As previously reported, Biovest has started the process of conducting BiovaxID pre-filing clinical meetings with Health Canada, the European Medicines Agency (EMA) and U.S. FDA with the first agency meeting to occur before year-end. Biovest intends to pursue any and all regulatory avenues to reach agreements for submissions of BiovaxID marketing applications at the earliest time point feasible.

About Biovest International, Inc.

Biovest International, Inc. is an emerging leader in the field of active personalized immunotherapies. In collaboration with the National Cancer Institute, Biovest has developed a patient-specific, cancer vaccine, BiovaxID^®, with three clinical trials completed, including a Phase III study, demonstrating evidence of safety and efficacy for the treatment of indolent follicular non-Hodgkin’s lymphoma.

Headquartered in Tampa, Florida with its bio-manufacturing facility based in Minneapolis, Minnesota, Biovest is publicly-traded on the OTCQB™ Market with the stock-ticker symbol “BVTI”, and is a majority-owned subsidiary of Accentia Biopharmaceuticals, Inc. (OTCQB: “ABPI”).

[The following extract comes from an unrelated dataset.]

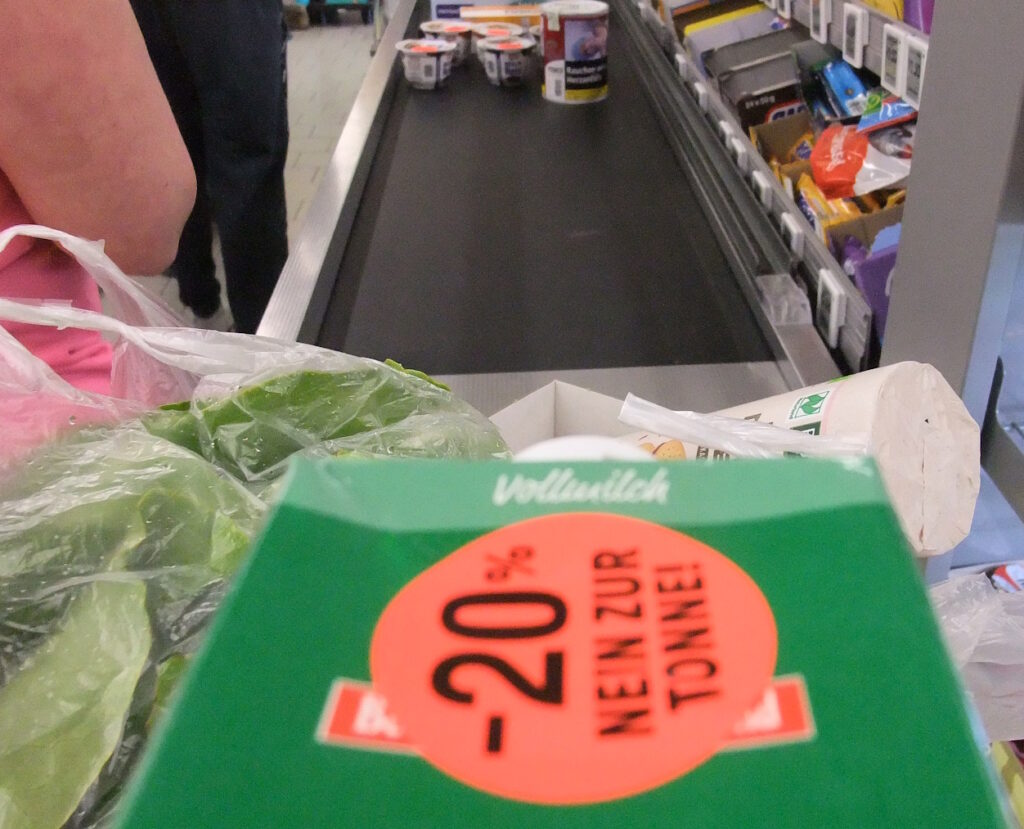 Mit dem Rad ins Städtchen, um frisches Gemüse zu besorgen. Die letzte Monatswoche ist die Woche der orangenen Etiketten auf der Kühlware. Und der Sonderangebote: Joghurt für 40 Cent das Pfund – da freut sich der Familienvater. Und die Kids über die von mir zubereiteten Potatoes mit Baby Blattspinat (: Aldi Bio für 99 Cent!)

Biovest International, Inc. Corporate Contact:

Douglas Calder, Vice President, Strategic Planning & Capital Markets

Phone: (813) 864-2558 / Email: dwcalder@biovest.com

For further information, please visit: http://www.biovest.com

Forward-Looking Statements:

Statements in this release that are not strictly historical in nature constitute “forward-looking statements.” Such statements include, but are not limited to statements about BiovaxID^®, AutovaxID™, events occurring after dates hereof, and any other statements relating to products, product candidates, product development programs, the FDA or clinical study process including the commencement, process, or completion of clinical trials or the regulatory process. Such statements may include, without limitation, statements with respect to the Company’s plans, objectives, expectations and intentions, and other statements identified by words such as “may,” “could,” “would,” “should,” “believes,” “expects,” “anticipates,” “estimates,” “intends,” “plans,” or similar expressions. Such forward-looking statements involve known and unknown risks, uncertainties, and other factors that may cause the actual results of Biovest to be materially different from historical results or from any results expressed or implied by such forward-looking statements. These factors include, but are not limited to, risks and uncertainties related to the progress, timing, cost, and results of clinical trials and product development programs; difficulties or delays in obtaining regulatory approval for product candidates; competition from other pharmaceutical or biotechnology companies; and the additional risks discussed in filings with the Securities and Exchange Commission. All forward-looking statements are qualified in their entirety by this cautionary statement, and Biovest undertakes no obligation to revise or update this news release to reflect events or circumstances after the date hereof. The product names used in this statement are for identification purposes only. All trademarks and registered trademarks are the property of their respective owners.